Transcribe the records below word for word, beginning with the first line and stopping after the line that contains "In the abutting"; pictures are not part of the copy.

● **Records excerpted from a collection**
▬▬▬
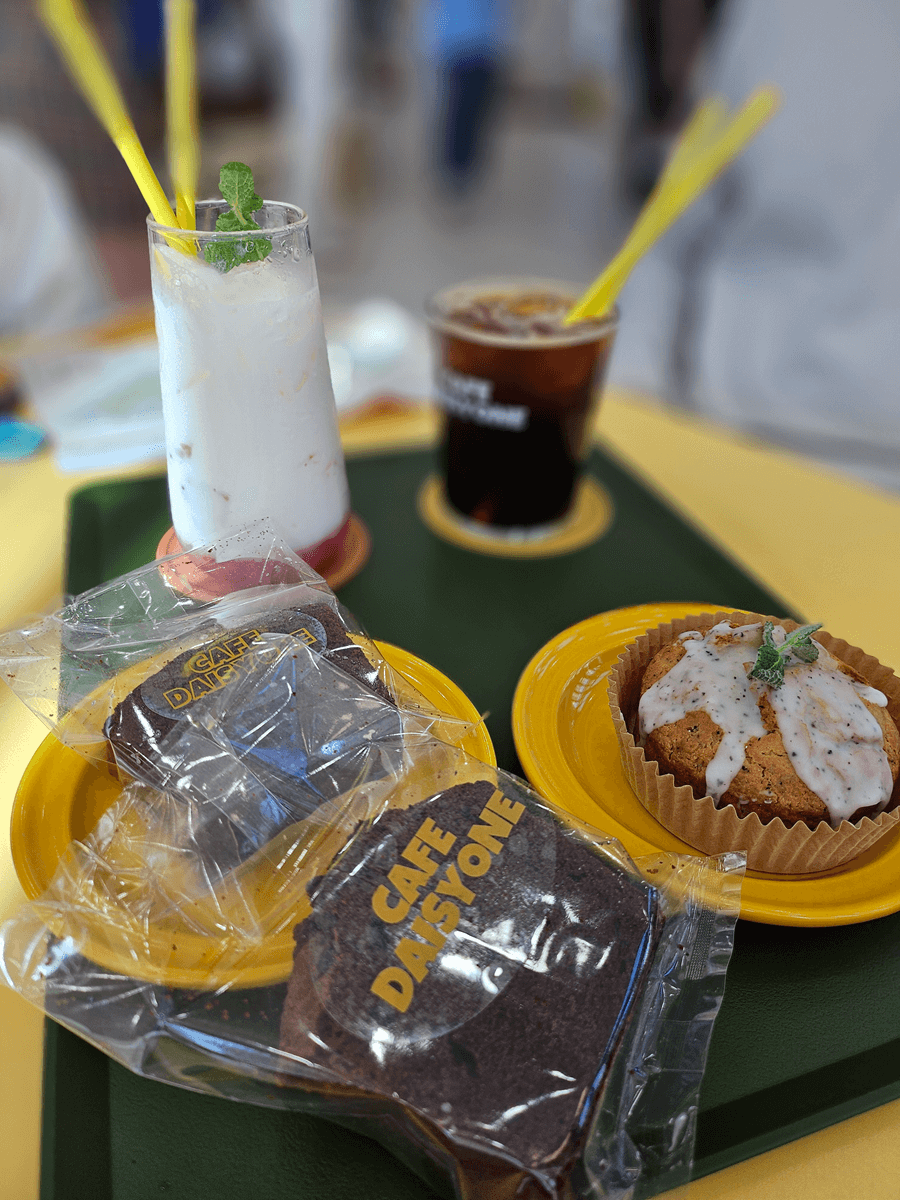 카페 컨셉이 데이지꽃이랑 어울리는 노란색인지, 로고, 스트로, 컵받침 등 노란색으로 되어있습니다.
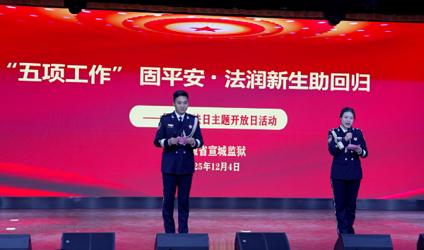 12月4日,安徽宣城监狱举办“‘五项工作’固平安・法润新生助回归”主题开放日并开展黄丝带帮教活动。民盟宣城市委会副主委章丰年、朱静应邀参加活动。
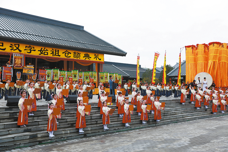 祭祀典禮上,各界嘉賓、文化藝術界代表、民間團體以及群眾代表共聚倉頡小鎮,按照敬獻花籃、全體人員向倉頡圣像三鞠躬、恭讀祭文、樂舞告祭等環節進行祭祀典禮,舉辦豐富多彩的民俗展演活動,深切緬懷漢字始祖倉頡的豐功偉績,表達炎黃子孫對漢字始祖無限敬仰和無比崇敬的心情。目前,洛南縣以倉頡傳說為核心主題,依托倉頡造字遺跡群,打造倉頡文博館研學、親農·溪樂谷休閑度假民宿、倉頡文化旅游康養等板塊,形成集“文、教、養、游”于一體的特色景區,已成為探索漢字起源及發展、傳承中華文明的重要窗口。
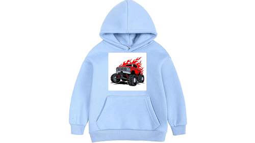 Stay warm with a side of heat! This sky blue pullover hoodie features our signature red monster truck graphic, complete with blazing racing flames. The vibrant contrast between the cool blue fabric and the fiery red artwork makes this piece a standout addition to any streetwear collection. Built for comfort and maximum style, it’s the ultimate layer for cool nights at the track or casual weekend hangs.
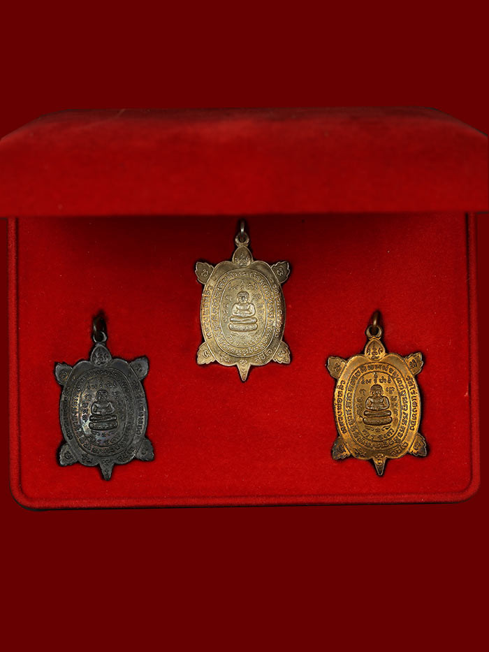 เหรียญพญาเต่าเรือน หลวงปู่หลิว รุ่นรวมพลัง มหาลาภ เนื้อตะกั่วสนิมแดง วัดไทรทองพัฒนา กาญจนบุรี ปี 2539 (หลวงปู่หลิวสร้าง และเคยจำพรรษาที่วัดนี้) องค์ที่ 3 |
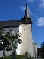 In the abutting graveyard stands a Crucifixion Bildstock from 1741. The church's entrance door, flanked by lions, bears a warriors’ memorial to the dead of the First World War.[5]
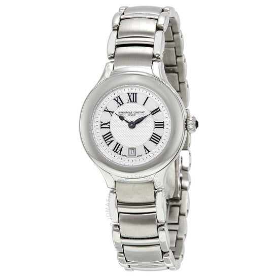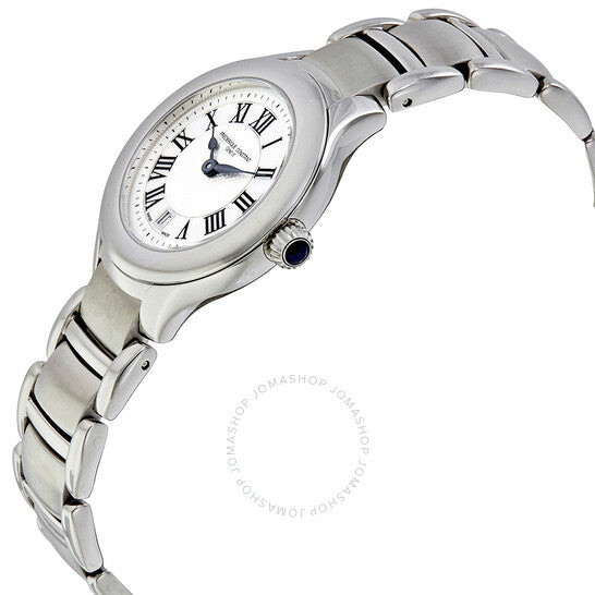 علبة من الفولاذ المقاوم للصدأ مع سوار من الفولاذ المقاوم للصدأ. إطار ثابت من الفولاذ المقاوم للصدأ. ميناء فضي مزخرف بنقشة غيوشيه مع عقارب سوداء وعلامات ساعات رومانية. علامات دقائق حول الحافة الخارجية. نوع الميناء: تناظري. عرض التاريخ عند موضع الساعة السادسة. حركة كوارتز من عيار فريدريك كونستانت FC-220. زجاج ياقوت مقاوم للخدش. تاج قابل للسحب/الدفع. غطاء خلفي صلب. حجم العلبة: 31 مم. سمكها: 7.7 مم. شكلها دائري. عرض السوار: 16 مم. مشبك مخفي. مقاومة للماء حتى عمق 30 مترًا / 100 قدم. الوظائف: التاريخ، الساعة، الدقائق. طراز ساعة رسمية. علامة الساعة: صناعة سويسرية. إصدارات متنوعة: FC 220M2ER6B، FC.220M2ER6B، FC220M2ER6B. ساعة فريدريك كونستانت ديلايت النسائية بمينا فضي 220M2ER6B.
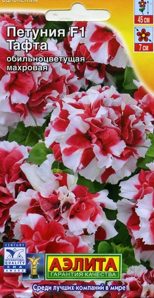 Однолетник Высота растения 45 см Диаметр цветка 7 см Petunia F1 Floribunda Double Новая гибридная обильноцветущая петуния Тафта поражает своими характеристиками. Это чудесное растение отличается компактными побегами с аккуратными листочками и изящными махровыми цветками, которых образуется так много, что кустик напоминает цветущее облачко. Гибрид отличается прекрасным внешним видом, ранним, продолжительным и очень дружным цветением, неприхотливостью и устойчивостью к неблагоприятным погодным условиям. Петуния незаменима в оформлении клумб, бордюров, вазонов, кашпо и балконных ящиков. Посев: Семена в гранулах! Для того, чтобы облегчить посев и выращивание мелкосемянных культур, была разработана система покрытия каждого семечка специальным составом. При попадании влаги на гранулу — оболочка рассыпается. Посев февраль-апрель на рассаду. Гранулы располагают по поверхности слегка уплотненной и увлажненной почвы, не заделывая их, увлажняют из распылителя, накрывают стеклом и содержат при температуре 20-24°С, не допуская пересыхания оболочки гранулы и компоста до момента прорастания сеянцев и, периодически, убирая с поверхности стекла капли конденсата. Всходы появляются только на свету (исключая попадания прямых солнечных лучей) на 10-15 день. После появления первого настоящего листа посевы проветривают. И в дальнейшем снимают стекло, постепенно снижая температуру до 14-16°С. Рассада плохо переносит высокую температуру и переувлажнение. Закаленную рассаду высаживают в грунт после окончания весенних заморозков на расстоянии 15-20 см. Уход: лучше растет на хорошо освещенных местах с легкой, плодородной почвой. Благодарно отзывается на поливы и регулярные подкормки.
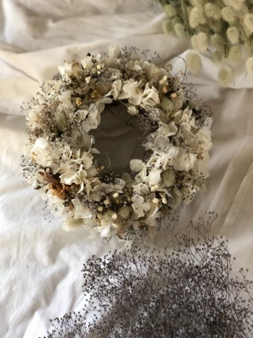 この花材達をみんなに渡して、各々の感性で 同じ花材でも個性溢れるリースが出来上がる。
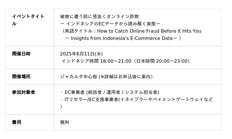 国内導入実績No.1※1の不正検知サービスを提供し、安全なネット通販のインフラづくりに貢献するかっこ株式会社(本社:東京都港区、代表取締役社長 : 岩井 裕之、証券コード:4166、以下 Cacco)は、東南アジア向けプレスリリース発信プラットフォームを運営する株式会社VRITIMES(本社:東京都新宿区 CEO:Ferry Bayu Nirwono)と共催で、EC事業者及びITリセラーなどを対象としたビジネス交流会「被害に遭う前に見抜くオンライン詐欺 - インドネシアのECデータから読み解く実態(英語タイトル:How to Catch Online Fraud Before It Hits You -Insights from Indonesia's E-Commerce Data.)」を2025年6月11日(水)インドネシアにて開催することをお知らせします。
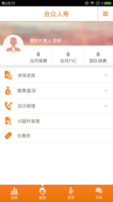 2.合众容e保ap四大功能模块:销售、服务、管理和消息;
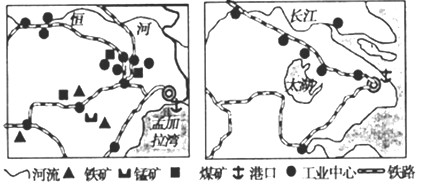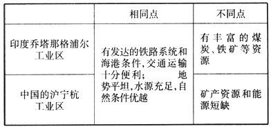 1、综合题  读印度乔塔那格浦尔工业区和中国的沪宁杭工业区图,回答问题。
▬▬▬
● **Solution to this task**
 카페 컨셉이 데이지꽃이랑 어울리는 노란색인지, 로고, 스트로, 컵받침 등 노란색으로 되어있습니다.
 12月4日,安徽宣城监狱举办“‘五项工作’固平安・法润新生助回归”主题开放日并开展黄丝带帮教活动。民盟宣城市委会副主委章丰年、朱静应邀参加活动。
 祭祀典禮上,各界嘉賓、文化藝術界代表、民間團體以及群眾代表共聚倉頡小鎮,按照敬獻花籃、全體人員向倉頡圣像三鞠躬、恭讀祭文、樂舞告祭等環節進行祭祀典禮,舉辦豐富多彩的民俗展演活動,深切緬懷漢字始祖倉頡的豐功偉績,表達炎黃子孫對漢字始祖無限敬仰和無比崇敬的心情。目前,洛南縣以倉頡傳說為核心主題,依托倉頡造字遺跡群,打造倉頡文博館研學、親農·溪樂谷休閑度假民宿、倉頡文化旅游康養等板塊,形成集“文、教、養、游”于一體的特色景區,已成為探索漢字起源及發展、傳承中華文明的重要窗口。
 Stay warm with a side of heat! This sky blue pullover hoodie features our signature red monster truck graphic, complete with blazing racing flames. The vibrant contrast between the cool blue fabric and the fiery red artwork makes this piece a standout addition to any streetwear collection. Built for comfort and maximum style, it’s the ultimate layer for cool nights at the track or casual weekend hangs.
 เหรียญพญาเต่าเรือน หลวงปู่หลิว รุ่นรวมพลัง มหาลาภ เนื้อตะกั่วสนิมแดง วัดไทรทองพัฒนา กาญจนบุรี ปี 2539 (หลวงปู่หลิวสร้าง และเคยจำพรรษาที่วัดนี้) องค์ที่ 3 |
 In the abutting graveyard stands a Crucifixion Bildstock from 1741. The church's entrance door, flanked by lions, bears a warriors’ memorial to the dead of the First World War.[5]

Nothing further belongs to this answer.